Hi, I fabricated this a couple years ago using a furnace fan. It has a pleated furnace filter on each side of the blower, it is operated by a electronic timed switch, and rolls around on four swivel locking casters.


----------



## DaninVan (Jan 1, 2012)

Nice job, Charlie. What's that on top?


----------



## DesertRatTom (Jul 3, 2012)

What a great use of materials and space. Looks to me like you can also use the top as a small counter space. Are you using this to clear airborne fine dust? Having it on a timer sounds like a very good idea.


----------



## Web Shepherd (Feb 8, 2012)

Charlie ~ Nice job. Tell us more about your project.
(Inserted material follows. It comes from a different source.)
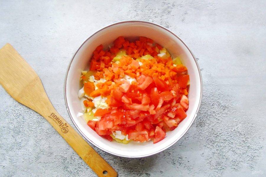 Морковь отварите, охладите, очистите. Помидоры помойте. Нарежьте морковь и помидоры кубиками.

1. What size furnace motor?
2. Are the filters washable?
3. What size filter?
4. Tell us more about your timer switch.

Great job.

Bob


----------



## Charlie2U (Jan 11, 2010)

Thanks guys. The top is a solid surface that is very similar to cutting board material. The filters are not washable, they are 16" X 20". I'm not sure what size the motor is, it's pretty tough to read the motor label when it's inside the squirel cage, but it is a four speed motor. I added a speed switch awhile ago, but haven't finished the markings for it on the switch plate. The timer switch is made by Intermatic. I use this unit in the basement shop that has a fairly low ceiling. I am aware of the washable filters, I have one on a box fan that I fabricated some channel for the washable filter to slide into. Sometimes I will put the box fan close to where I'm working in order to capture the fine dust as fast as I can, so the dust doesn't have as much time to spread. Some people argue that Air filtration units / fans do just that, spread the dust around. There may be some truth to that, but I think that you will find that no matter how good of a setup that you have, there is always going to be dust. The sooner you grab it the better. I can tell you that from my experience that with dust collection and air filtration I can take my dust respirator off sooner, and I have a cleaner shop. I will continue to do what I'm doing.


----------



## Bodger96 (Mar 18, 2014)

Looks fantastic Charlie.

Regards Bob


----------



## Cherryville Chuck (Sep 28, 2010)

Nice job Charlie. I'm assuming that you didn't consider putting on the ceiling because of limited clearance. Do you think it would work better on the ceiling? I was thinking of adding a unit like this to my shop and mount it over my saw, which is the #1 dust producer in my shop anyway.


----------



## Charlie2U (Jan 11, 2010)

Chuck, low ceiling height is one concern, plus it's a suspended ceiling, and this thing is heavy. If you look at brand name air filtration units you will notice that they don't weight nearly as much. I have a Delta 50-875 unit hung from the ceiling in my main shop. The motors and fans in them are alot smaller, and the units are not nearly as tall. On the downside though the special sized filters are more expensive, and cannot be found as easily as furnace filters. To me this was just a challenging and fun project that didn't cost me much, I had most of the materials.


----------



## Cherryville Chuck (Sep 28, 2010)

It is bigger than the ceiling mount units I've seen. I'm just thinking it would be more efficient if it were higher up, especially since I'm tall. I suppose one other option would be to put on a cart at about table height where the dust is getting produced.


----------



## MAFoElffen (Jun 8, 2012)

Fine, professionally looking job!


----------